== DATA BELOW ==
+++
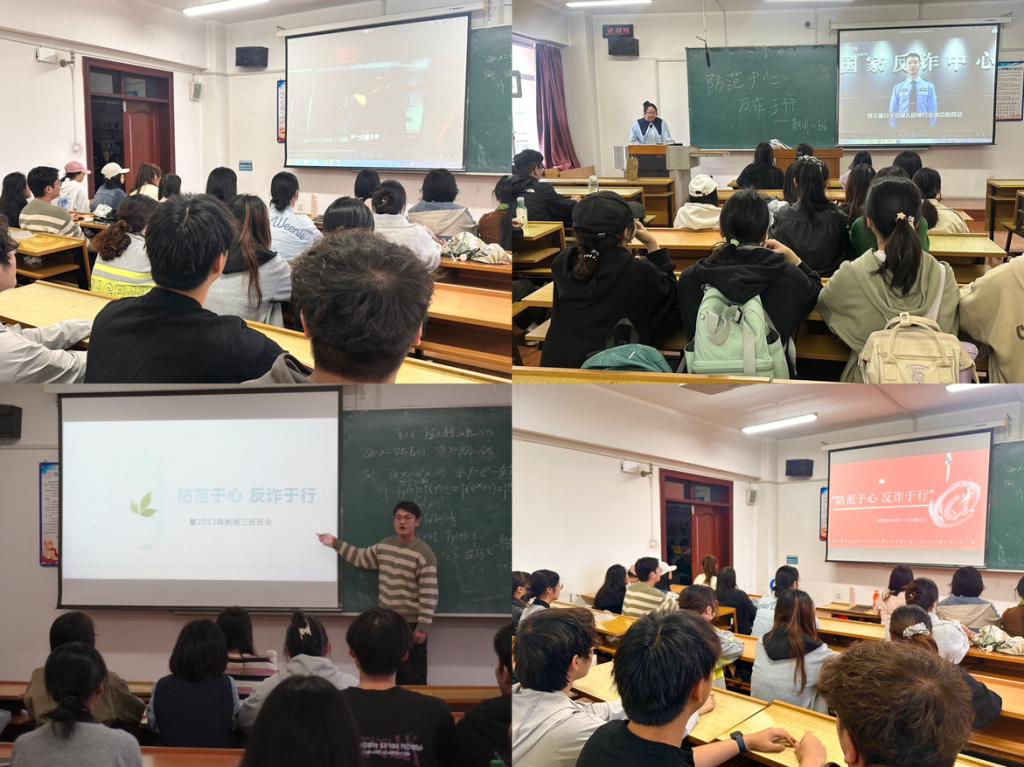 为贯彻落实有关部门关于反诈工作的部署要求,切实增强我校学生的反诈防骗意识,切实提升我院学生的防范意识和反诈能力,筑牢校园安全防线,根据学校《关于开展“防范于心,反诈于行”主题班会的通知》要求,新闻传播学院各年级于9月17日至24日组织开展了“防范于心 反诈于行”专题宣传教育班会,着力筑牢坚实校园安全防线。
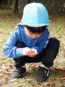 “これはなんだろう・・・???” 小さな手で大切に拾っています。
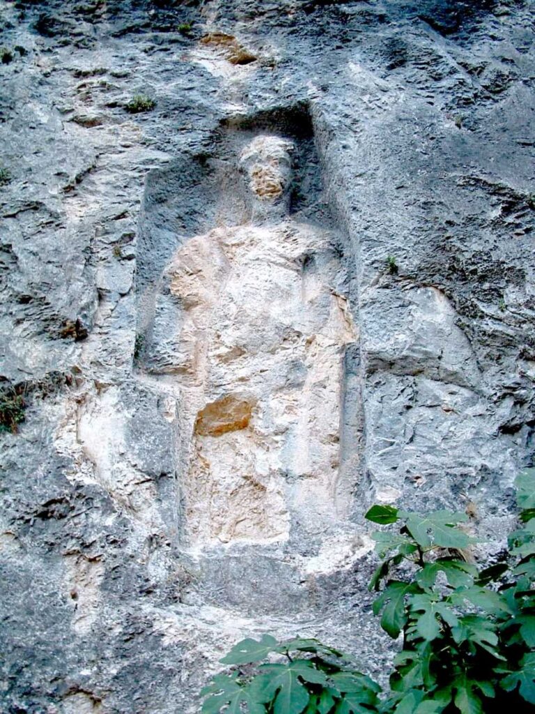Kasabanın güneydoğusunda tabanı kayalık olan ve güneybatısından akan ırmağa sarp kayalar halinde inen tepenin adı Sarıbaba’dır. Söz konusu tepe ve kayalıklar üzerinde MÖ olduğu düşünülen yerleşim izleri bulunmaktadır.
+++
== TASK GOAL ==
Without the pictures, repeat the listing above exactly.

== REPLY ==
 为贯彻落实有关部门关于反诈工作的部署要求,切实增强我校学生的反诈防骗意识,切实提升我院学生的防范意识和反诈能力,筑牢校园安全防线,根据学校《关于开展“防范于心,反诈于行”主题班会的通知》要求,新闻传播学院各年级于9月17日至24日组织开展了“防范于心 反诈于行”专题宣传教育班会,着力筑牢坚实校园安全防线。
 “これはなんだろう・・・???” 小さな手で大切に拾っています。
Kasabanın güneydoğusunda tabanı kayalık olan ve güneybatısından akan ırmağa sarp kayalar halinde inen tepenin adı Sarıbaba’dır. Söz konusu tepe ve kayalıklar üzerinde MÖ olduğu düşünülen yerleşim izleri bulunmaktadır.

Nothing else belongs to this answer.